Em seguida eu acrescentei que, segundo Ana Cláudia Além e Carlos Eduardo Cavalcanti, em 1992 mais de 1/3 das exportações dos Estados Unidos de equipamentos de transporte e mais de 2/3 das de material eléctrico e electrónico corresponderam a transferências no interior das mesmas companhias transnacionais. Nesta perspectiva, Dennis Encarnation, num livro publicado em 1992, calculou que a maioria das exportações dos Estados Unidos para o Japão era proveniente das filiais japonesas em direcção às matrizes nipónicas. E prossegui eu naquele artigo: «Dennis Encarnation avaliou ainda que o comércio no interior de companhias foi responsável por mais de 2/5 das importações totais dos Estados Unidos e mais de 1/3 das exportações totais deste país, valores um tanto diferentes dos calculados por DeAnne Julius». Por seu lado, Robert Lawrence estabeleceu que no Japão o comércio no interior das companhias representou, em 1990, mais de 70% do comércio total do país, situando-se os valores correspondentes entre 30% e 50% nos Estados Unidos e na Europa ocidental. Esta absorção das transacções internacionais pelas companhias transnacionais ampliou-se nas décadas seguintes e, tal como afirmaram Ana Cláudia Além e Rodrigo Madeira, «no comércio internacional, uma das categorias que mais têm crescido é o comércio intrafirma».

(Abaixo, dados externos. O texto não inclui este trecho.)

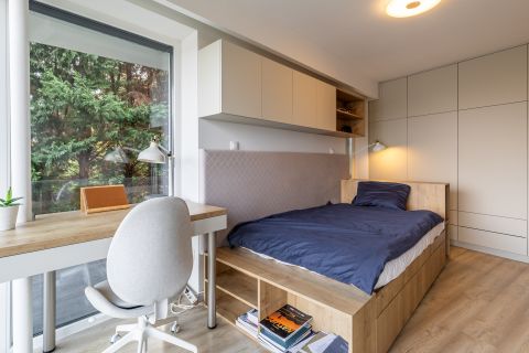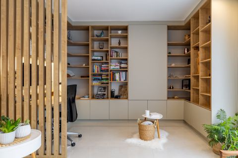 Világos tónusok, meleg fa felületek és finoman textúrált anyagok fonódnak össze, mintha minden részlet azt suttogná: „jó itthon lenni”.

Levando tudo isto em consideração, pude concluir no referido artigo que «as estatísticas de âmbito nacional, divulgadas pela generalidade dos meios de informação e que a esmagadora maioria dos economistas usa nas análises, têm um carácter obsoleto, porque presumem que as matrizes das companhias transnacionais e as suas filiais no estrangeiro prosseguem particularizadamente a actividade, quando é o contrário que sucede, devido à integração das cadeias produtivas».
Ora, numa situação económica em que prevalecem a terceirização, a subcontratação e a deslocalização das cadeias de produção, desencadear o aumento concorrencial das tarifas alfandegárias não provocaria apenas uma espiral decrescente semelhante à da grande depressão da década de 1930, mas teria efeitos mais catastróficos ainda, porque interromperia o fluxo de transferências de bens e serviços no interior das empresas transnacionais, estrangulando os processos produtivos.
Para termos uma ideia da ameaça, vale a pena ler um artigo em El País (aqui) citando a agência Bloomberg, que em 2017 seguiu o percurso de um componente eléctrico da indústria automóvel. Uma empresa estabelecida numa cidade do Colorado, nos Estados Unidos, vendeu esse componente a outra empresa americana, situada no Míchigan, que por sua vez o enviou para uma cidade mexicana, onde foi inserido numa placa de circuitos eléctricos, a qual foi remetida para um armazém americano do outro lado da fronteira, no Texas, de onde regressou a outra cidade mexicana para que outra empresa a inserisse num novo dispositivo, que foi então exportado para uma fábrica localizada em Ontário, no Canadá, onde foi incorporado noutro elemento de fabrico, por sua vez enviado para uma fábrica da companhia americana Ford, estabelecida noutra cidade do Canadá, cuja produção é vendida nos Estados Unidos, no Canadá e no México. Imagine-se este tipo de cadeias produtivas multiplicado ilimitadamente por todo o mundo e por todas as grandes companhias. Resumi-lo a exportações e importações, e pretender restringi-lo mediante um aumento desenfreado de tarifas alfandegárias, é ignorar os sistemas de produção contemporâneos e, pior do que provocar uma estagnação económica, é pretender retardar de décadas a economia.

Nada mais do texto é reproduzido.